Two store bought puff pastry or make them yourself – my recipe is here. You’ll need one for the bottom and one for the top of the Galette.
Almond Cream
110 g Sugar
110 g butter
2 eggs (100g)
110 g ground almonds
20 g flour
Pastry Cream
250 g milk
1 egg
25 g cornstarch
60 g sugar
1 Vanilla bean
Instructions for fillings :
Prepare Almond Cream : Combine butter and sugar in mixing bowl and mix till creamy. Add eggs one at a time and mix until completely combined. Add the ground almonds and flour and mix well.
Prepare Pastry Cream : Bring the milk to the boil with the vanilla. Beat the egg with the sugar until the mixture is pale and thick, and stir in the starch. Pour some of the milk into that mixture, stir, then pour back into the saucepan. Heat gently, and stir continuously until the mixture thickens and boils. Remove from the heat and transfer into a large bowl. Set aside to cool.

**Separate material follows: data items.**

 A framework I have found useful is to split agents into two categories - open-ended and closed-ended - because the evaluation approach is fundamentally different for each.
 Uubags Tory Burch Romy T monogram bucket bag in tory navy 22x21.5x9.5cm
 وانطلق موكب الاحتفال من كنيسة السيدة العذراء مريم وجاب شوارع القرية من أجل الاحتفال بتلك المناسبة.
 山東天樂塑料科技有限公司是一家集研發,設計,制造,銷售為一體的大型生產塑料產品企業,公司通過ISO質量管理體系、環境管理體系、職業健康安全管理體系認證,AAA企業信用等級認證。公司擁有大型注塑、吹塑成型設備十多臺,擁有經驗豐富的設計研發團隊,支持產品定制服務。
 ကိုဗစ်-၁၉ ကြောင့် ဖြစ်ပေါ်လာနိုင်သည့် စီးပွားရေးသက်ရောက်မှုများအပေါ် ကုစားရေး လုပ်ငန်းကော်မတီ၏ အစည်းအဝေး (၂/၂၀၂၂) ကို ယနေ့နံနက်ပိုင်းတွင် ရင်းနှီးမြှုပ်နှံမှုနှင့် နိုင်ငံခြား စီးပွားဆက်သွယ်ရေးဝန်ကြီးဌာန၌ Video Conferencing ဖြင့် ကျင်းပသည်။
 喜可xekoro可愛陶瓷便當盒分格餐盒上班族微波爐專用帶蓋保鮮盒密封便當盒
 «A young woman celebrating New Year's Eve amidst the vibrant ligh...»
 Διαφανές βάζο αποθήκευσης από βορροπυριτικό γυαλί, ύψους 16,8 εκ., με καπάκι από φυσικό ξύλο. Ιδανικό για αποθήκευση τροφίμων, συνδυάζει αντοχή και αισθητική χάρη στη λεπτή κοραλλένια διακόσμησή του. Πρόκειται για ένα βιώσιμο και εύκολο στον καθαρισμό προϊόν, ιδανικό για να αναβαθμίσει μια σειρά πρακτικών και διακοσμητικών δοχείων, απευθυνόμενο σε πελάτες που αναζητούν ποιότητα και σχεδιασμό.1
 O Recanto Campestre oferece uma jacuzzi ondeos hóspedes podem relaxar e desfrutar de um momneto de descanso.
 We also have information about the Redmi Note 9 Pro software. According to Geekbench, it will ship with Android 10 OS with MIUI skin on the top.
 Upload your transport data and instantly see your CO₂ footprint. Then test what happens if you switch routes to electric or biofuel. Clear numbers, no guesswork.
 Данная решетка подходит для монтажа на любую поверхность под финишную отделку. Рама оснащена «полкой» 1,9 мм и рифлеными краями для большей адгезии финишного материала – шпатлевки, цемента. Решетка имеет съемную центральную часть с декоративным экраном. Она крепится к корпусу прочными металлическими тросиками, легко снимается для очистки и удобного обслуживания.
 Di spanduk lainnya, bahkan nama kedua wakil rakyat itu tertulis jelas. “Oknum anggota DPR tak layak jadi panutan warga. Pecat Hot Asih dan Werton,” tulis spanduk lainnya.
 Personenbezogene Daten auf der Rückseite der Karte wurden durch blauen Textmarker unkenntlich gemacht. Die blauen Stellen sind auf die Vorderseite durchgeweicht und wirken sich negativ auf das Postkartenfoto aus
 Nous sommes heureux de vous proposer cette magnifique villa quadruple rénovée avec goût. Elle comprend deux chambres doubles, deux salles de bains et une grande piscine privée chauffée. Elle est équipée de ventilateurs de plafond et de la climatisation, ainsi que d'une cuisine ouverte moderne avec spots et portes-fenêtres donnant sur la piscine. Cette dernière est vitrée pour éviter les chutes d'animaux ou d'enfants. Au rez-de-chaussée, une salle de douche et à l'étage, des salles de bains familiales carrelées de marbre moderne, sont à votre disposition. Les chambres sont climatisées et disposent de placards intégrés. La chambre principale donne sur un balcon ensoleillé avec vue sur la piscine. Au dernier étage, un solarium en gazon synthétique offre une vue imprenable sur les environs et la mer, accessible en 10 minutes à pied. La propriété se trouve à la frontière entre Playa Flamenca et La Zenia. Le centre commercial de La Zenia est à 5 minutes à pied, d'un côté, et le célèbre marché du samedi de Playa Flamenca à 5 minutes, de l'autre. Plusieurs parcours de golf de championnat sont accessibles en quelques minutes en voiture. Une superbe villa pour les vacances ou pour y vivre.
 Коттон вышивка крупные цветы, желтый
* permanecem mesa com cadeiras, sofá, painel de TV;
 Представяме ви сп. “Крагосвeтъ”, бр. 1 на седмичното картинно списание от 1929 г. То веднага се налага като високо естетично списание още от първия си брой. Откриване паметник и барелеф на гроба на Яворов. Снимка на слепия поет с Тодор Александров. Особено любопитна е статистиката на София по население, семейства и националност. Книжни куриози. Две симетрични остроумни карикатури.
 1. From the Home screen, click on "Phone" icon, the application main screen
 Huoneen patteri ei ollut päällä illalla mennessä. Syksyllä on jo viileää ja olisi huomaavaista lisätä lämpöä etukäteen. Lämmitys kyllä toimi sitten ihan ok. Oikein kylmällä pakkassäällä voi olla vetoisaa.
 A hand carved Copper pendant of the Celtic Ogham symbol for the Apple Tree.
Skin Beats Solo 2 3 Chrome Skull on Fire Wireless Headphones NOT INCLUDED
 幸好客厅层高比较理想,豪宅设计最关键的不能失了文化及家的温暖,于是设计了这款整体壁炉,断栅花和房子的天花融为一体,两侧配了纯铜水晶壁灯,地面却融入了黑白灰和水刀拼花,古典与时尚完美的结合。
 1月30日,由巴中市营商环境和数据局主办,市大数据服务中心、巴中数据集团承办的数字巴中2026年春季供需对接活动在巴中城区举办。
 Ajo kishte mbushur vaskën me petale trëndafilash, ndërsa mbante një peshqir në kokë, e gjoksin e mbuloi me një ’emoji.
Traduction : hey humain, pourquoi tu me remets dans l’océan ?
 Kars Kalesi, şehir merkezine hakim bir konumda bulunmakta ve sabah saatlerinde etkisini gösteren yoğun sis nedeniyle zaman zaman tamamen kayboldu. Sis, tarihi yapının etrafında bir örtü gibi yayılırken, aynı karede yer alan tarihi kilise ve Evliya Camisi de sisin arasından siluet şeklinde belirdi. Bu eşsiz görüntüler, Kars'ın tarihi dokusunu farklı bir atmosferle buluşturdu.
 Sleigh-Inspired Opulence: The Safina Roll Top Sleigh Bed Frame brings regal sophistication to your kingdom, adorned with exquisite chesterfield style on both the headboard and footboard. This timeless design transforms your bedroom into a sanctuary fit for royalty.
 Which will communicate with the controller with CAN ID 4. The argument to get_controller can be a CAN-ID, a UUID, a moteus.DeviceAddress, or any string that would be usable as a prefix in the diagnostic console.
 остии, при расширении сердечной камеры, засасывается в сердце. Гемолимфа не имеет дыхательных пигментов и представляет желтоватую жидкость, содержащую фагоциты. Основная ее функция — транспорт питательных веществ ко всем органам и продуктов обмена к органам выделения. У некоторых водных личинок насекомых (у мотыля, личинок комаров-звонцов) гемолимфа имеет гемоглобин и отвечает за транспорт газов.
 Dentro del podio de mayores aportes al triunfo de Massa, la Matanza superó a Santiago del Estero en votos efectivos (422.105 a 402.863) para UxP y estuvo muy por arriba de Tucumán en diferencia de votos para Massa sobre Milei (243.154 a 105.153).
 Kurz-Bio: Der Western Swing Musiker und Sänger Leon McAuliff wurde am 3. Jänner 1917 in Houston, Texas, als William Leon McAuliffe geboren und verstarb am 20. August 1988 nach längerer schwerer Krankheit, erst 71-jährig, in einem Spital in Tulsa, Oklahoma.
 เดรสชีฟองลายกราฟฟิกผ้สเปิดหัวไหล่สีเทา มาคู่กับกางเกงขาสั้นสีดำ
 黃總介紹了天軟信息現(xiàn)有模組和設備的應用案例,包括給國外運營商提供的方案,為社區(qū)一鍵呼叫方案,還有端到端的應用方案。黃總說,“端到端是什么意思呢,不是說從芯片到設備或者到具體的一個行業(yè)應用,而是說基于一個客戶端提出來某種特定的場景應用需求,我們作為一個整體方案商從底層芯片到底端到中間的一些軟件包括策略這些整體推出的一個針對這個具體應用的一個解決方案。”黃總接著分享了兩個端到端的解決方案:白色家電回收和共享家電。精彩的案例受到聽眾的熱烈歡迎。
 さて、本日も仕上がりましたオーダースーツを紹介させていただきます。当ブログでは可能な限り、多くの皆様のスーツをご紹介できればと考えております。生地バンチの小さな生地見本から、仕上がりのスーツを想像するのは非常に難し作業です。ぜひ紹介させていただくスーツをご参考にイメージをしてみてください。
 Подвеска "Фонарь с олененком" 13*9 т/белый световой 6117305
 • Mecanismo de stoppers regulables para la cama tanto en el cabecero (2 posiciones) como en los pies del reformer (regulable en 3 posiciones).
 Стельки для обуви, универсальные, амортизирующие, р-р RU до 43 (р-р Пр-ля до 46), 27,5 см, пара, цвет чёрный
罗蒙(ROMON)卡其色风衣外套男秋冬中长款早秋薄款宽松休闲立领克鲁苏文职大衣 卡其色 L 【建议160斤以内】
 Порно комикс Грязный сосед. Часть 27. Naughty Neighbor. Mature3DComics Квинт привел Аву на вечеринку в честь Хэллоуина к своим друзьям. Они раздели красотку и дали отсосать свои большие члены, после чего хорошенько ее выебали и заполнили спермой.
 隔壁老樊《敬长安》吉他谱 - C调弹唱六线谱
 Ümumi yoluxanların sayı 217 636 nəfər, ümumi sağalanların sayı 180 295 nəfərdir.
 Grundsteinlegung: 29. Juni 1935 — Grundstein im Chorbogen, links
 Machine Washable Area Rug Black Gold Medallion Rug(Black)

When Pastry cream is cool, mix together almond cream and pastry cream.
Assembly :
This is where your creative juices can flow! You will need a very sharp knife / razor blade
Cut two circles (large or small depending on what you prefer). Place one circle on a baking sheet and pipe the Frangipane garnish onto the dough (we use a pastry bag and usually pipe in a winding circle form), leaving ½ inch border on the outside. Push a trinket into the cream. Brush the border with egg wash. Top with the other circle and press down firmly on the edges to seal. Turn upside down to hide possible finger marks. With the tip of a knife, make a hole on top of the Galette.
Brush the entire top with egg wash. Leave to rest in the fridge for 30mn. Brush with eggwash again, then use a small sharp knife /razor to make decorative cuts. Bake at 190°C for 30 to 40 mins (depending on size) or till golden brown and puffy. Brush with sugar syrup immediately after taking out of the oven.
Prepare to enjoy! Don’t forget to have a crown ready for you if you are making individuals, or for whomever finds the charm!
Beth Guerrettaz says
I love this! Thanks for sharing the recipe. I’m eager to try it!
Jeannine says
Thanks Beth. Enjoy – I think you’ll love it.